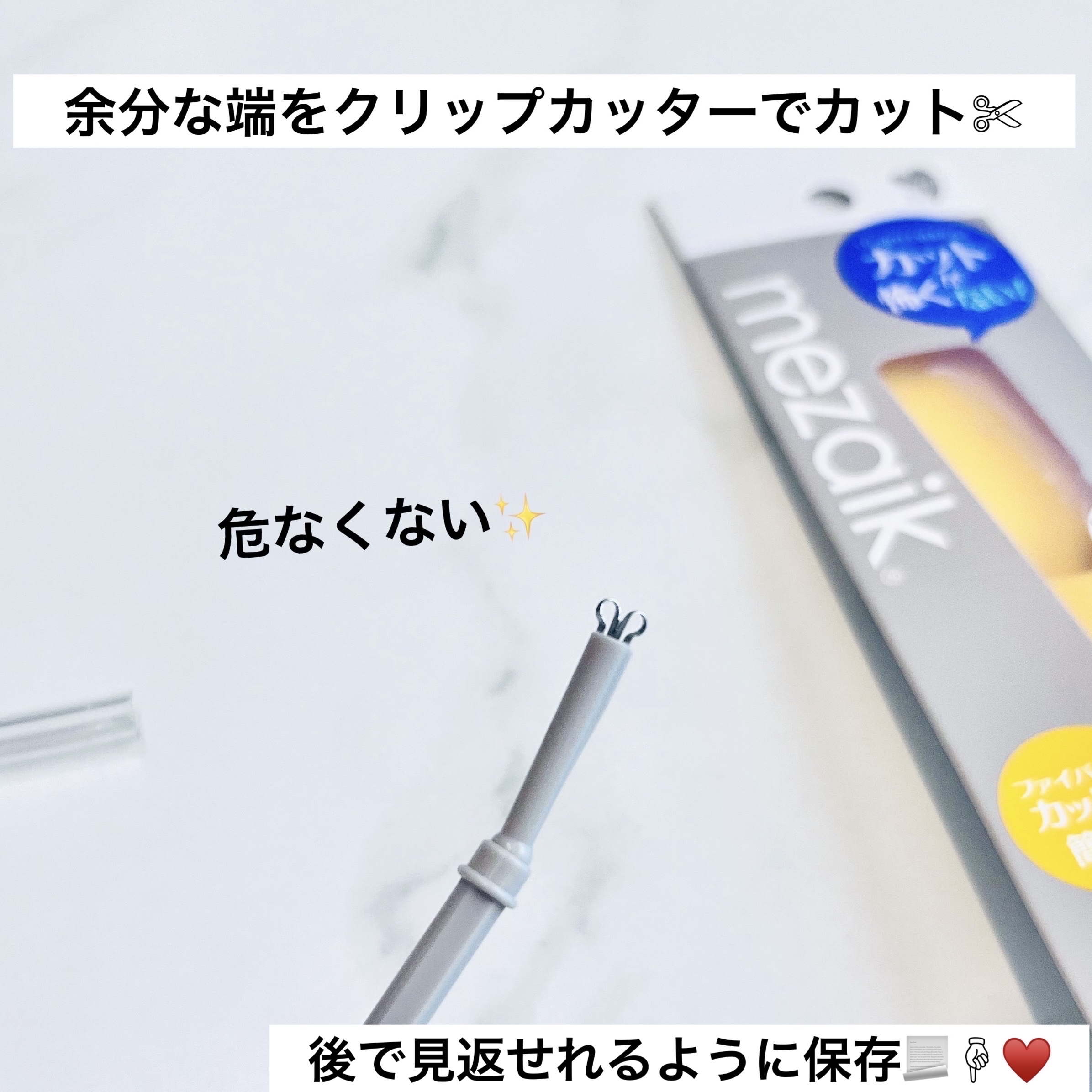 自然な二重にHowtouseStep1.メザイクフィクスプラスを二重にしたい線に塗る!これによりファイバーがより安定しやすくStep2.フリーファイバー120スタンダードタイプを引き伸ばして二重にした線に張るStep3.メザイククリップカッタ...
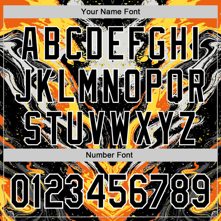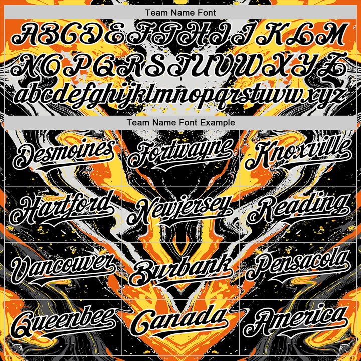 Custom Black Gray Orange Yellow-White 3D Pattern Design Rave Party Marble Lava Authentic Baseball Jersey
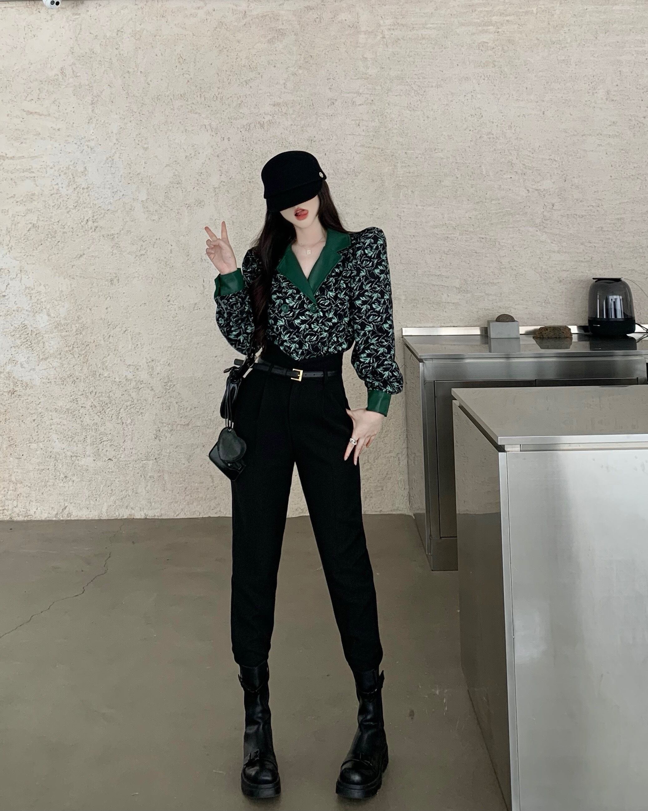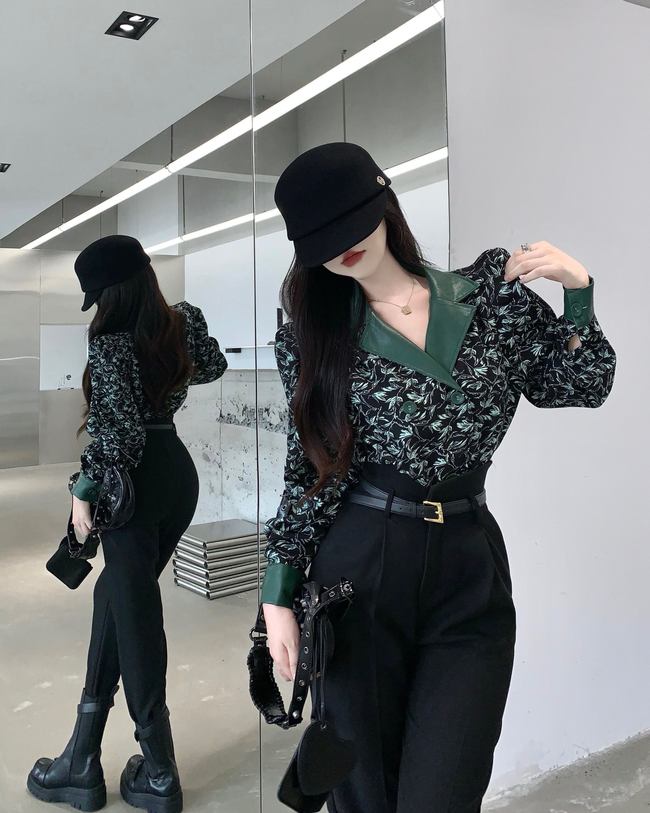 長袖 ターンダウンカラー コントラストカラー レトロ花柄 シャツ ウエスト ハルンパンツ レディース 2点セット ロング
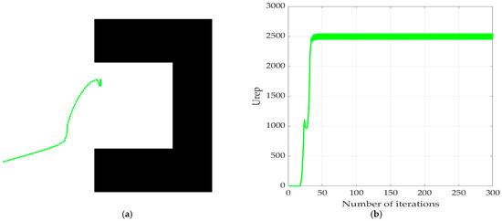 The APF with the above modified repulsion function is fused with the optimized Dijkstra’s algorithm, and the simulation is shown in Figure 10 when facing a U-shaped obstacle.
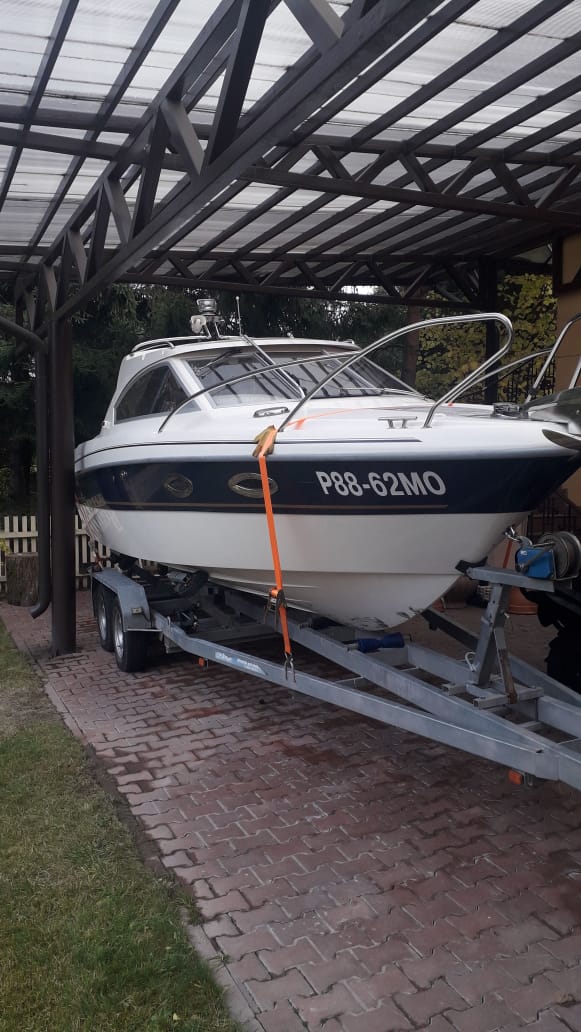 Катер с кабиной продается вместе с прицепом Респо, модель V81T3, 2008 г.в., 3500 кг разр. м, 850 кг масса без нагрузки.

• TO DO
An exact copy of every entry, pictures left out, is what to write here.

• RESULT FOR THIS TASK
 自然な二重にHowtouseStep1.メザイクフィクスプラスを二重にしたい線に塗る!これによりファイバーがより安定しやすくStep2.フリーファイバー120スタンダードタイプを引き伸ばして二重にした線に張るStep3.メザイククリップカッタ...
 Custom Black Gray Orange Yellow-White 3D Pattern Design Rave Party Marble Lava Authentic Baseball Jersey
 長袖 ターンダウンカラー コントラストカラー レトロ花柄 シャツ ウエスト ハルンパンツ レディース 2点セット ロング
 The APF with the above modified repulsion function is fused with the optimized Dijkstra’s algorithm, and the simulation is shown in Figure 10 when facing a U-shaped obstacle.
 Катер с кабиной продается вместе с прицепом Респо, модель V81T3, 2008 г.в., 3500 кг разр. м, 850 кг масса без нагрузки.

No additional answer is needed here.